**DATA FOR THIS EXERCISE:**
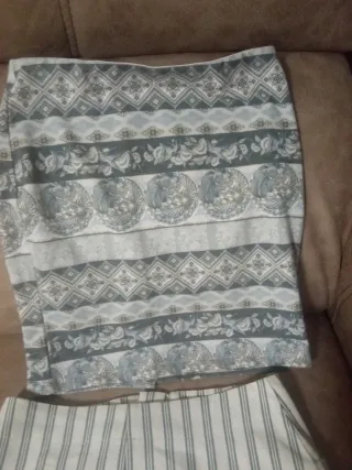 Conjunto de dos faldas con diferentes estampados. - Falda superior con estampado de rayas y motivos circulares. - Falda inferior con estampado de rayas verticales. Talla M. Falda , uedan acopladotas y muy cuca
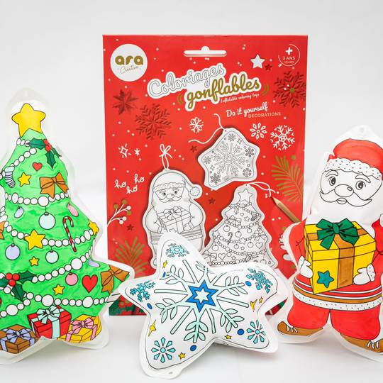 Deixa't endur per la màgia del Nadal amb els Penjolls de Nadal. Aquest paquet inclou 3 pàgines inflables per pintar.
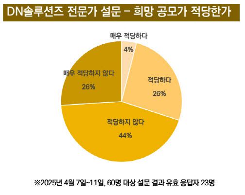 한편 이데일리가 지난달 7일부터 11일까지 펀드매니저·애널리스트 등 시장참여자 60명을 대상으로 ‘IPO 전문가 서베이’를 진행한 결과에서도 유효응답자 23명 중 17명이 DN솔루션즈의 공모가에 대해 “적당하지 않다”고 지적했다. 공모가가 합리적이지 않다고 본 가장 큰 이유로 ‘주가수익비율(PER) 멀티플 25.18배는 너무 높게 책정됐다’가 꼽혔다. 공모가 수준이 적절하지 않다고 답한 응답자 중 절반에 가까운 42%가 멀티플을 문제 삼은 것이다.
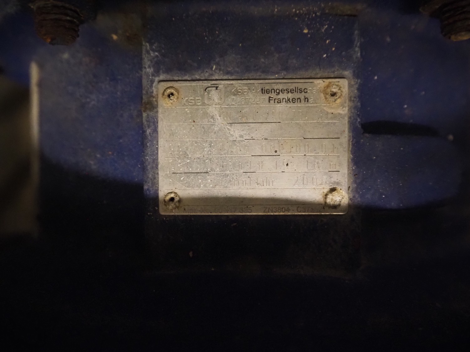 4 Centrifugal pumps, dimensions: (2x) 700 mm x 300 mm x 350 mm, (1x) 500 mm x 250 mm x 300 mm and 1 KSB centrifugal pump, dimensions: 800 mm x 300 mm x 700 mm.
---
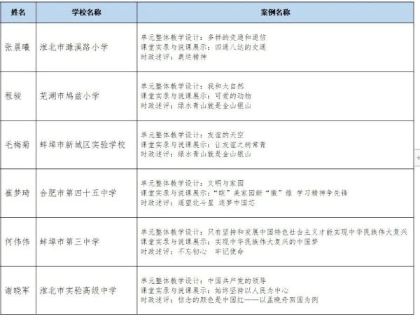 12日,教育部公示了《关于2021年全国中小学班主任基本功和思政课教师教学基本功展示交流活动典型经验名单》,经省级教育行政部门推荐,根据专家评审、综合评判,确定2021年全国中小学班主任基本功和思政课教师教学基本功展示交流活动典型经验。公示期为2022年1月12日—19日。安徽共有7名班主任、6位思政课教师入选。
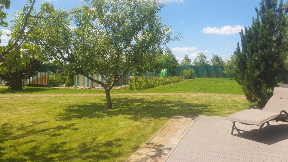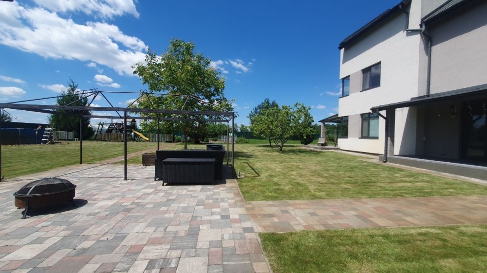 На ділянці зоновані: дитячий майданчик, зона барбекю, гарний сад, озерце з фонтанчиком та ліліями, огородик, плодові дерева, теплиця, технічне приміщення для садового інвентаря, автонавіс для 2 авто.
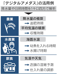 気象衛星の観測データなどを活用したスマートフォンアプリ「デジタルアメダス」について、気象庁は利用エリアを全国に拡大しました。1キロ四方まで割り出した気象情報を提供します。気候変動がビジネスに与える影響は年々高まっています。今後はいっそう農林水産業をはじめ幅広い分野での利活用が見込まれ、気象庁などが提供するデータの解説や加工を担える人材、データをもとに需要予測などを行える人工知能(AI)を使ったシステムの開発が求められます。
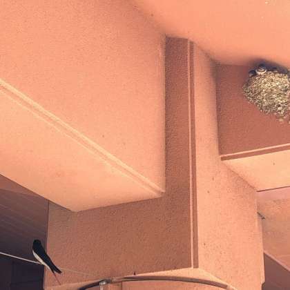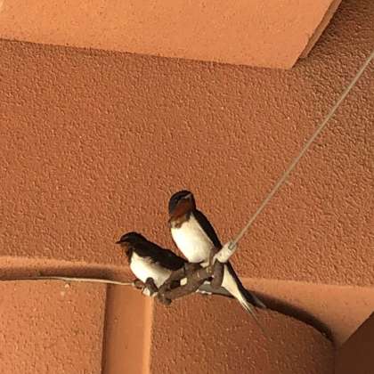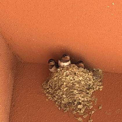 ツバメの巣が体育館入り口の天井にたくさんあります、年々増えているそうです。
...
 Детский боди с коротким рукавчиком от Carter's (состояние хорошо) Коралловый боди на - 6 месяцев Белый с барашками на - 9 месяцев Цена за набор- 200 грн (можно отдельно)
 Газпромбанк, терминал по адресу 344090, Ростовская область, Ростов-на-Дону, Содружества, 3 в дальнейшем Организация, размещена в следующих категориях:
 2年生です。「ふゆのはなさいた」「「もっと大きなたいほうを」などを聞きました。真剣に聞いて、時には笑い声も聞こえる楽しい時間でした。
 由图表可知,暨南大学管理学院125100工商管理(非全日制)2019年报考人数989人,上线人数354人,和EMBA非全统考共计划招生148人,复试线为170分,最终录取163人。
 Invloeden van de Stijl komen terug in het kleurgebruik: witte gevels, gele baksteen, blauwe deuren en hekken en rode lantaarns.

**PROBLEM TO WORK ON:**
Return exactly the lines of the material above, starting at the line containing "На ділянці зоновані: дитячий" and finishing at the line containing "ツバメの巣が体育館入り口の天井にたくさんあります、年々増えているそうです。", without any pictures.

**EXERCISE ANSWER:**
 На ділянці зоновані: дитячий майданчик, зона барбекю, гарний сад, озерце з фонтанчиком та ліліями, огородик, плодові дерева, теплиця, технічне приміщення для садового інвентаря, автонавіс для 2 авто.
 気象衛星の観測データなどを活用したスマートフォンアプリ「デジタルアメダス」について、気象庁は利用エリアを全国に拡大しました。1キロ四方まで割り出した気象情報を提供します。気候変動がビジネスに与える影響は年々高まっています。今後はいっそう農林水産業をはじめ幅広い分野での利活用が見込まれ、気象庁などが提供するデータの解説や加工を担える人材、データをもとに需要予測などを行える人工知能(AI)を使ったシステムの開発が求められます。
 ツバメの巣が体育館入り口の天井にたくさんあります、年々増えているそうです。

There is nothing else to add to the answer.